Levi Tucker Scofield
(1842-1917), a third-generation Cleveland resident, was architect and
sculptor of two of the most prominent outdoor sculptures in Ohio: Cleveland’s Soldiers & Sailors monument and Public Square and the Statehouse grounds in Columbus and These Are My Jewels, a Civil War Monument installed at the World’s Columbian Exposition in Chicago in 1893, and then moved to the grounds of Ohio’s State Capitol. Scofield (whose family name was originally Schofield) specialized in large institutional buildings such as schools, asylums for the insane, and penitentiaries, for which there was tremendous demand in the years after the Civil War.
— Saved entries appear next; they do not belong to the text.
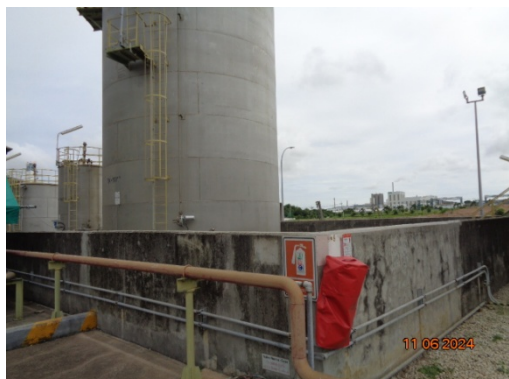
รูปที่ 3.1-41 คั่นคอนกรีตรอบพื้นที่เก็บสารเคมี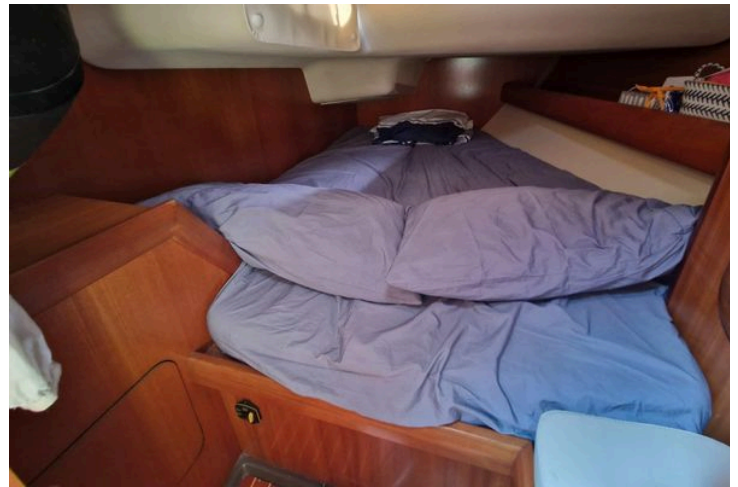
Cozy cabin interior of 2002 Grand Soleil 43 sailboat with blue bedding.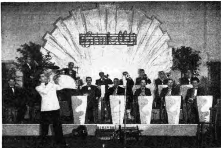
L'Orchestra Gimelli vincitrice della BACCHETTA D'ORO 1947.

Non è chi non veda l'interesse e l'importanza dell'iniziativa perchè in tal modo viene a crear-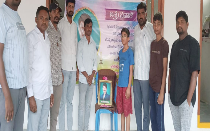
పర్వతగిరి, అక్టోబర్ 27 (ప్రజాజ్యోతి)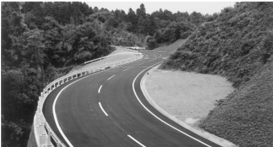
谷地区の資材運搬線

Notable are the Ohio State Reformatory in Mansfield, where The Shawshank Redemption was filmed, and North Carolina’s imposing, crenulated Central Prison consciously designed to display the state’s investment in public safety, which was eventually demolished.
A local example of his work that survives is the Schofield building (now known as the Kimpton Schofield) at Euclid and East 9th Street (See https://architecturalafterlife.com/2019/02/26/abandoned-cleveland-mansion/ ) He was the first Cleveland architect taken into membership in the American Institute of Architects.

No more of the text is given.